This should be a VST plugin.
Would unquestionably sell
Would pay absurd amounts of money for that
I'm actually inspired enough to write a JSFX (for REAPER) that generates MIDI notes based on this idea. Currently got the whole thing running, but still finetuning some functionalities. It wouldn't be THAT hard to port it to a VST3 I think
I'm surprised that Jospeh Fourier wasn't mentioned a single time in this video 😂
might be cool to use a fourier transform to turn any midi file into some circles that play what the midi files play
Yes! And then seeing what happens with small tweaks from the original analysis.
seems I accidentally predicted the next video
that is so nice Marc, especially the transitions through the circle of fifths.
Thanks Chris! Yeah, I felt like it kept getting more interesting as I was exploring it.
I was just about to go to sleep. 😭
Edit: It was worth it to watch this! I am absolutely in heaven with this.
Glad it was worth it!
stop getting so emotional
I would strongly recommend connecting the circles edge to edge (rather than center to edge) and have them vary either as constant multiples of each other's radius or circumference. That will likely give you better results.
Connecting the circles at their edges also allows for a more natural pacing/rotation as they rotate around each other.
The just intonation decision made the whole thing feel so warm and idk why but it just made sense for me. I love when microtonal sounds are used even if it's just in the context of shifting intonation because of the way that individual intervals can have all sorts of new feelings in my brain
your feelings are irrational
@@Fire_AxusWhich I'd say is a good thing
Harmonic bliss in dissonant abyss kicks brainstorm raindrops reverse-sing gravities' grips
This has the power of a Haiku!
I really liked your approach to randomness and the arbitrary choices you've made. The final example with the key changes in perfect intonation was fire !
So interesting and so creative-- love love love
I love how 0:55 arpeggiates a chord! It adds a lovely bit of randomness to the typical arpeggiating patterns
A great video, gives me all sorts of inspiration, and thoughts about possible results from small adjustments, and wonderings about what effects big changes might produce.
wow... these are creative ambient music !
I can't believe this has so few views! Extremely interesting concept, then you iterated on it enough that by the end the starting point seemed almost basic by comparison. Keep making great videos like this!
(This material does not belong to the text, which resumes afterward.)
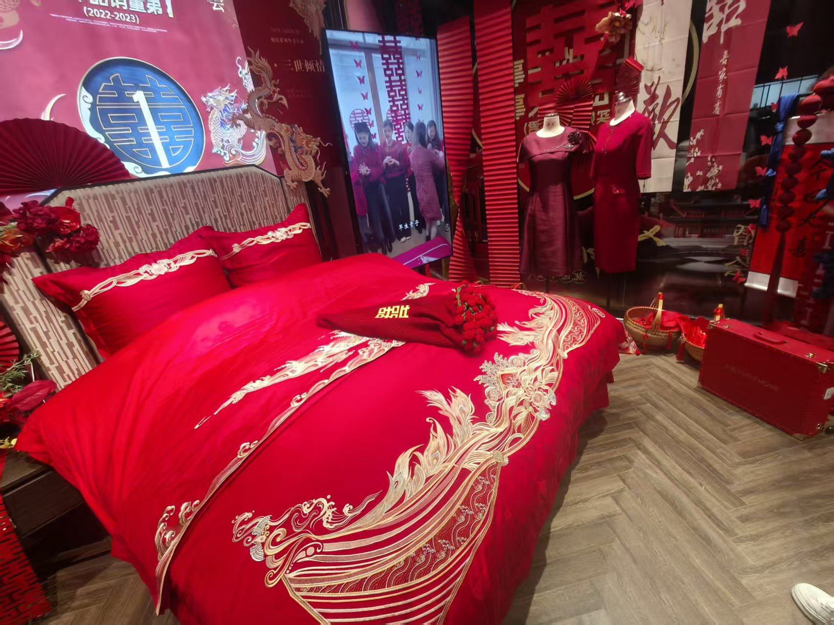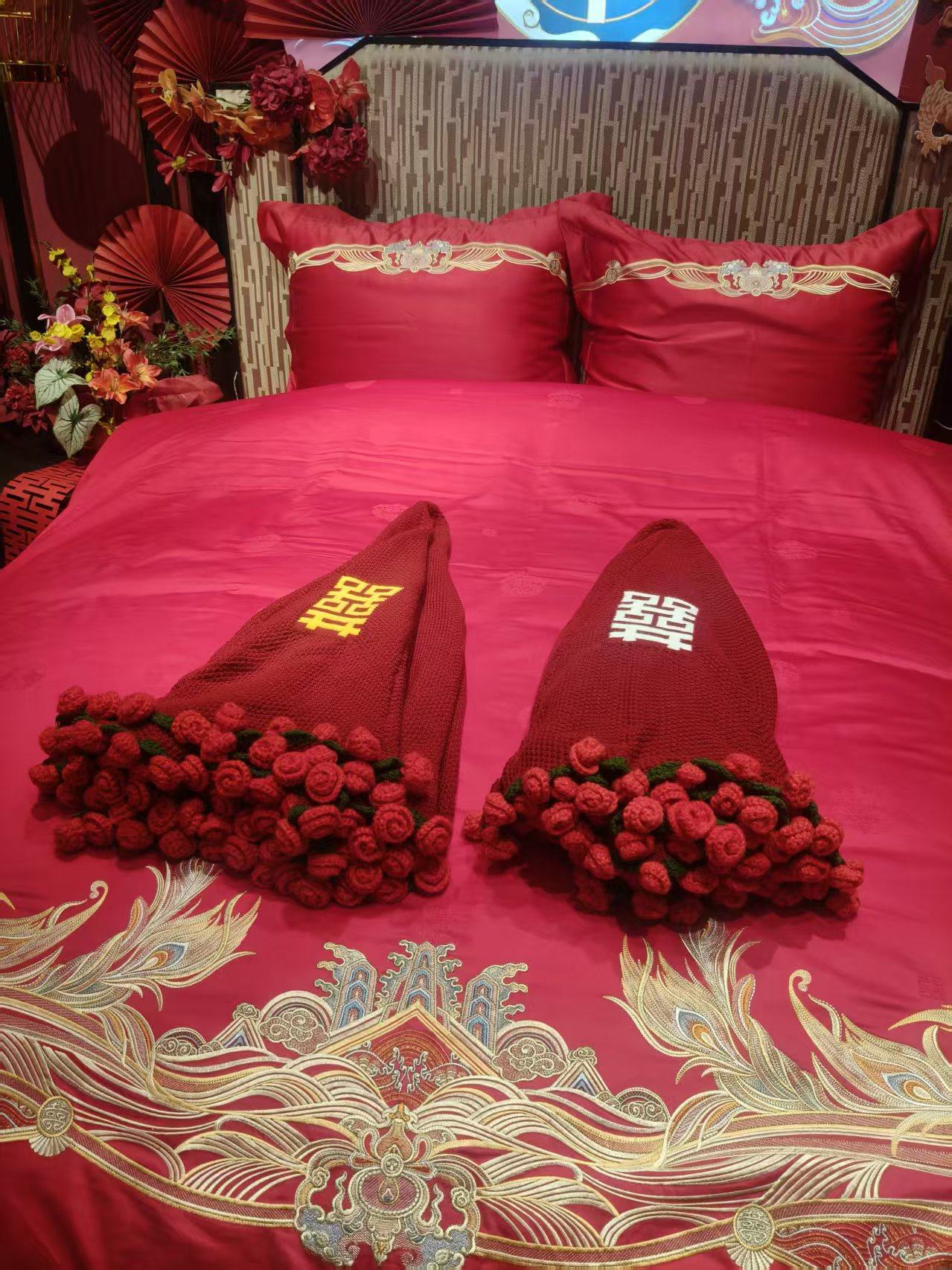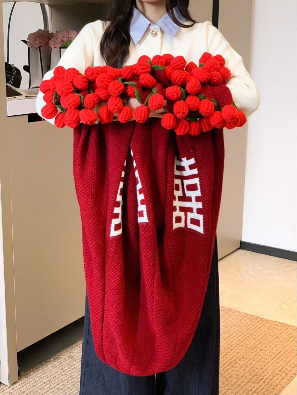 Finished Product: Double Happiness Rose Bouquet Blanket for Engagement and Wedding, Bride Gift, New Chinese Style Double Happiness Blanket Shawl Cover Blanket

Aww, thanks so much for this comment! It's a funny thing; I do find that the algorithm rewards effort and detailed attention, but unevenly. Sometime you work super hard on a video, and it doesn't pick it up. However, the main thing is it's nice to have one's work appreciated, so a nice comment like this is worth a lot :-)
“few”
this is so fucking peak. i was thinking note length could be based of the 10 possible values for any digit in pi, but using the arc velocity or whatever you did sounds much more natural
This is so incredible. Having a page to play around with this at would be a dream. Having that page output sheet music would be even better.....
0:55 is really beautiful
This is probably the best math music video I ever found. Thank you, I am a composer btw.
This is so cool!!! Love it
your feelings are irrational
Beautiful video, beautiful music.
Hard to believe it is all the product of "wheels within wheels".
Bro just discovered the equation of jazz
Love this, Marc!!! ...One thing that's really interesting to me about the studies in this video is that you can describe them as "models of physical movement, coupled to pitch production by arc-length." Arc length is closely related to physical quantities like action. It contributes to this vague, general hypothesis I wonder about a lot: That the "unreasonable effectiveness of mathematics" in melody writing hints at some deeper connection between (A) the psychoacoustics of melody appreciation and (B) the auditory recognition of physical processes. Like in some sense, what you're doing over the course of the video is making the model more physically realistic. It starts to sound more like riding the teacups simultaneous with the melody becoming more engaging. I have endless curiosity about that connection.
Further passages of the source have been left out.